Algorithme N°3 – Isolation Forest: for isolating anomalies

The main purpose of an anomaly detection algorithm is to identify atypical data that do not conform to other data.

The problem is not simple. That is because it is not necessarily known in advance what characterises an anomaly. It is therefore up to the algorithm to learn an appropriate metric, with which to detect anomalies within the data.

Use cases encountered by our customers include:

  • bank transaction fraud issues;
  • the detection of material failures or damage as part of the optimisation of the predictive maintenance framework.

The detection of anomalies is usually an unsupervised learning technique that involves detecting data samples with characteristics which are very different to those of other samples.

For this, a first approach (theorised, for example, by the lean manufacturing and 6 sigma methods) involves calculating the mean and the standard deviation of the data to determine a “probability density” function. This function is then used to calculate the probability of the existence of an atypical sample of data. The rule is as follows: the sample is considered abnormal if this probability is below a certain threshold.

A threshold makes it possible to isolate anomalies – it can be fixed or adaptable. An adaptable threshold is constantly updated and adapts to the data in real time.

These techniques are very effective, but other more modern methods with which to recognise anomalies in data have been developed in recent years.

The isolation forest is used to calculate an anomaly score for each observation in a data set. This score gives a measure of the normality of each observation based on the data set. To calculate this score, the algorithm isolates the relevant data in a recursive way. It chooses a variable at random and sets a cut-off threshold at random, before evaluating whether this makes it possible to isolate a particular observation.

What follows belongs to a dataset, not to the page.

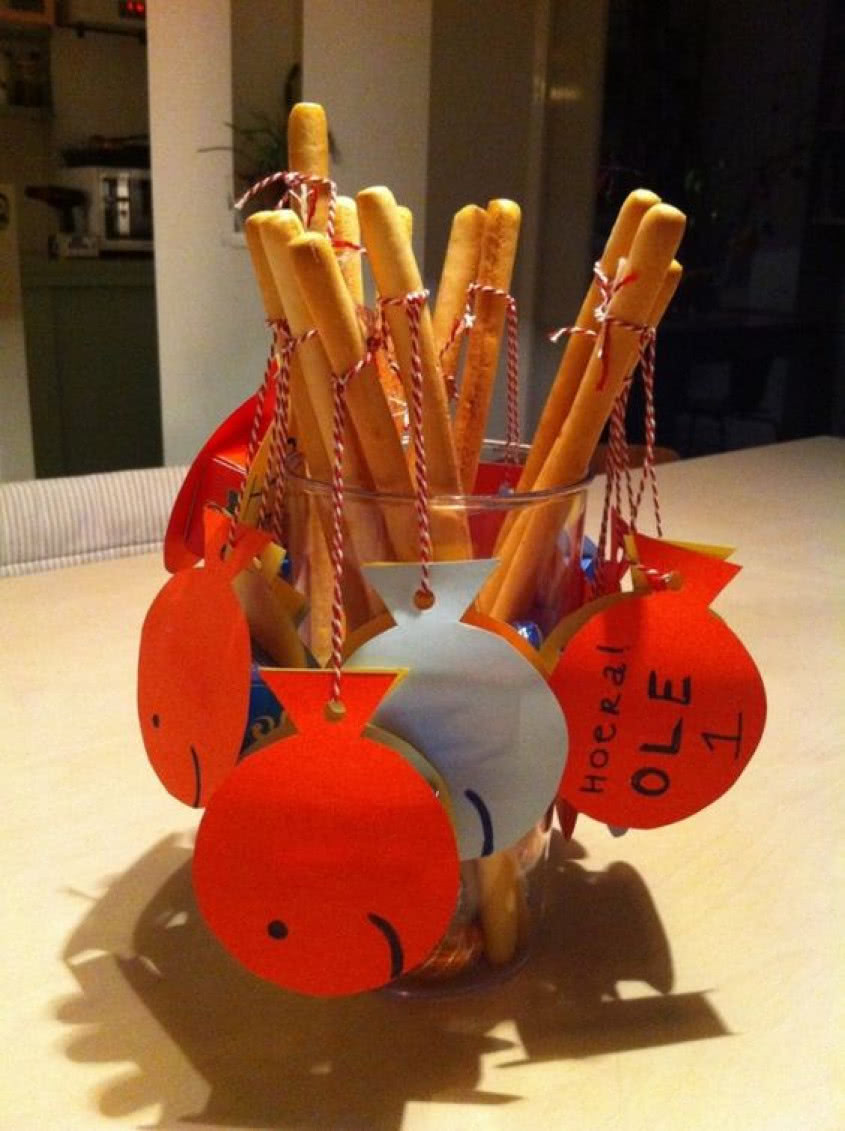 Leef je uit met satéprikkers waar je stukjes banaan en aardbei op prikt. Maar daarnaast kun je ook los gaan met koekjesvormen om bijvoorbeeld een ster in een plak kaas te drukken en die op de spies te prikken. Of wat dacht je van een vormpje uit een plak meloen? Of de leeftijd van je kind uit een pakje ontbijtkoek? Je kunt zelf allerlei creaties bedenken en het ziet er hoe dan ook feestelijk uit!
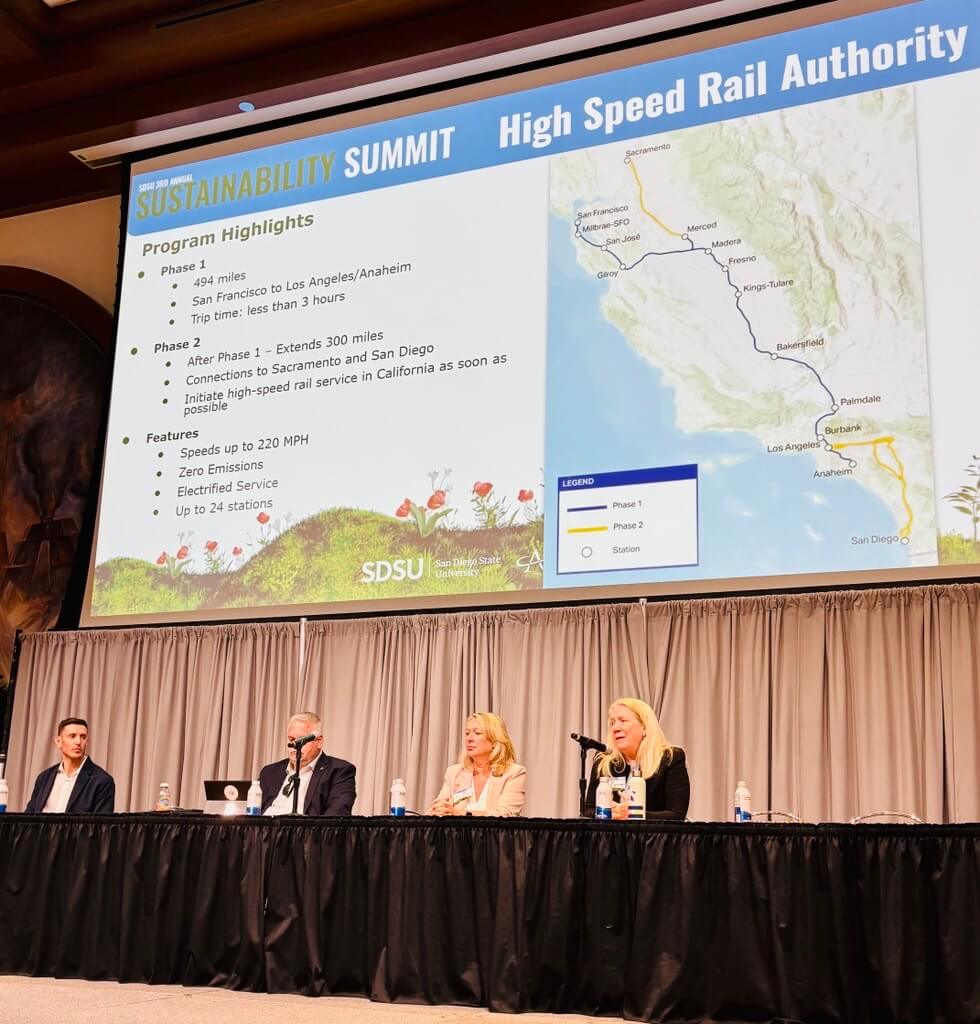5月、チョードリCEOはワシントンD.C.で開催された全米高速鉄道協会(USHRA)年次総会に出席し、全国的な注目を集めました。「南西部におけるアメリカ初の真の高速鉄道システムの推進」と題したプレゼンテーションでは、プログラム目標の進捗状況、そしてブライトライン・ウエスト社およびハイ・デザート・ジョイント・パワーズ・コリドー社との合意について説明しました。この合意は、当社の高速鉄道システムと同社の高速鉄道システムを接続することで、全米初の州間高速鉄道網を構築するものです。

This type of algorithm is preferable in the case of a large-scale mathematical problem (with a large number of observations and variables).

Operation illustration

In the following example, forest isolation is applied to data that contains two variables (x and y) and a single anomaly (the extreme point that appears in red on the graph).

Principle of the algorithm

Result : You have understood the idea! In our example, just 3 splits (also known as “separations”) are enough to isolate the sample in red (a supposed anomaly, due to its distance from the other data). However, in the mass of data (i.e. “normal” data), it would have taken perhaps between 100 and 400 splits to isolate a sample.

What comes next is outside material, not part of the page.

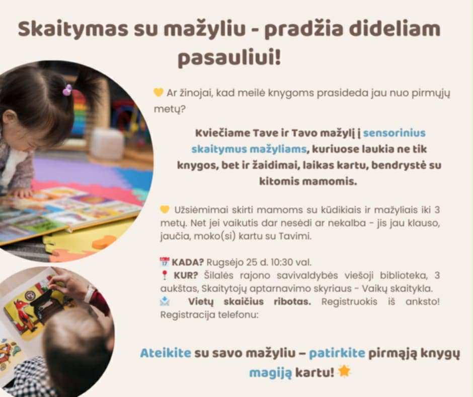 Ar žinojai, kad meilė knygoms prasideda jau nuo pirmųjų metų? Kviečiame Tave ir Tavo mažylį į sensorinius skaitymus mažyliams, kuriuose laukia ne tik knygos, bet ir žaidimai, laikas kartu, bendrystė su kitomis mamomis. Užsiėmimai skirti mamoms su kūdikiais ir mažyliais iki 3 metų. Net jei vaikutis dar nesėdi ar nekalba - jis jau klauso, jaučia, moko(si) kartu su Tavimi.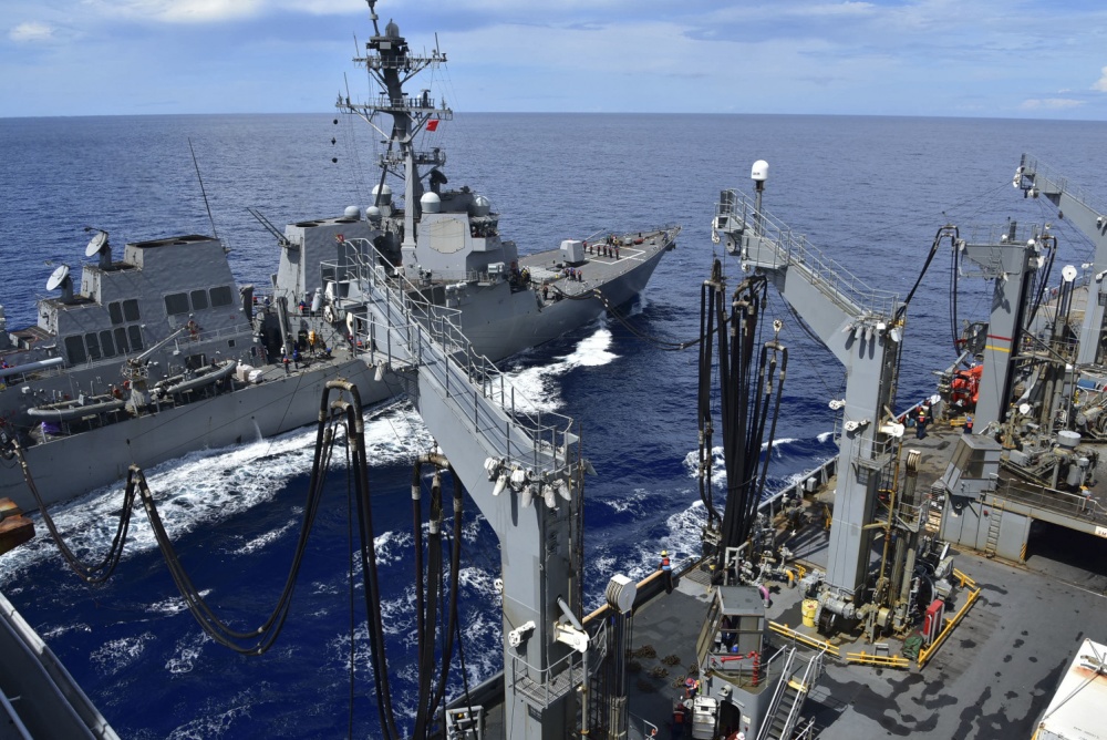 @USPacificFleet guided-missile destroyer USS Ralph Johnson#DDG114 approaches the@MSCsealift replenishment oiler USNS Tippecanoe#TAO199 in preparation for an underway replenishment in the South China Sea.#ForgedByTheSea#UNREP#FreeandOpenIndoPacific.pic.twitter.com/hli5EFoMY0

Remember: the lower the number of splits, the higher the probability that the observed sample is an anomaly.

A forest of trees?

It should be noted that with the random splits process, it is possible to incorrectly isolate a sample from the mass of data (“normal” data). It is unlikely, but it can happen. The solution to overcome this risk of incorrectly isolating a normal sample involves generating several decision trees as estimators. Each of these trees will perform a sequence of random splits. The average of all of the results will then be considered. We can therefore disqualify the few minor errors that can be made by some of these estimators because “the majority will prevail.” Again, ensemble techniques give our results a vital robustness.

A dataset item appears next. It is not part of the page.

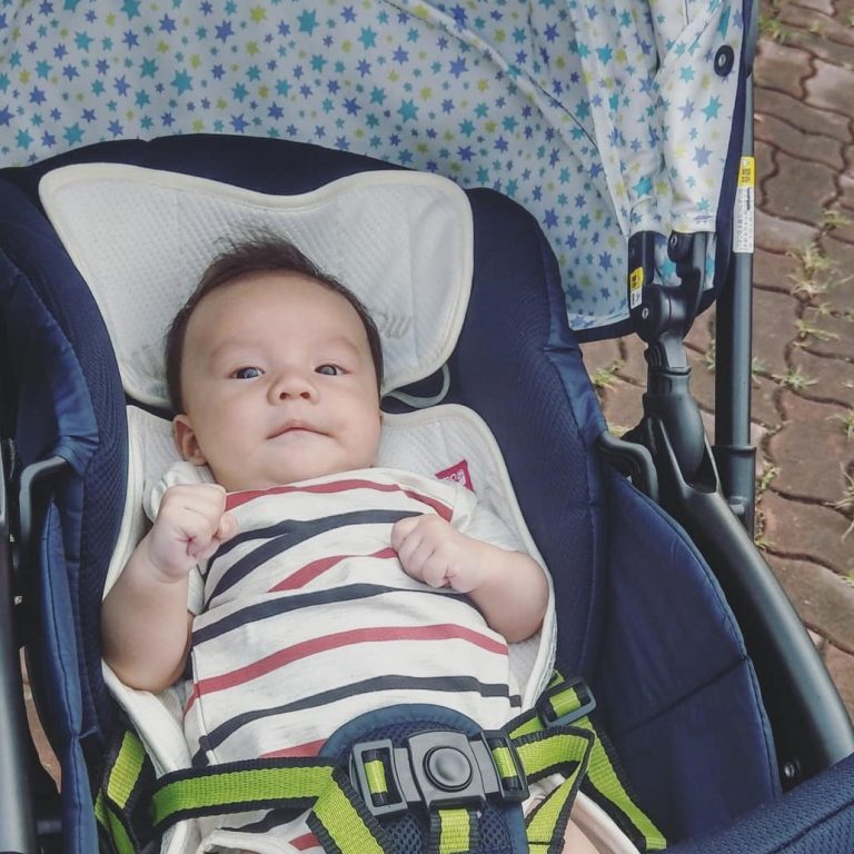 小Dion有新推車坐墊,笑的合不攏嘴啦!

Using the algorithm in Python

The sklearn.ensemble.IsolationForest class is used to instantiate a forest isolation model.

Implementation of the isolation forest algorithm

The result is conclusive: the algorithm has understood that there is an outlying point (an anomaly) in the data.

Note that in the implementation of sklearn, the threshold of points to be considered as abnormal is defined by the contamination rate. In our example, the rate of contamination is equal to 0.01 (i.e. 1%). Our data is therefore considered to contain 1% anomalies.

To summarise…

These first three chapters have been devoted to algorithms based on decision trees. These algorithms are widely used, and are extremely effective for solving data problems.

By the way, if you are hoping to work as a data scientist, it is highly likely that interviewers will ask you to describe how one of these algorithms works.

The anomaly score for each observation depends on the “contamination” parameter, which is set during the training phase. This implies that even before constructing the machine learning model, it is essential to have a good idea of the percentage of abnormal data.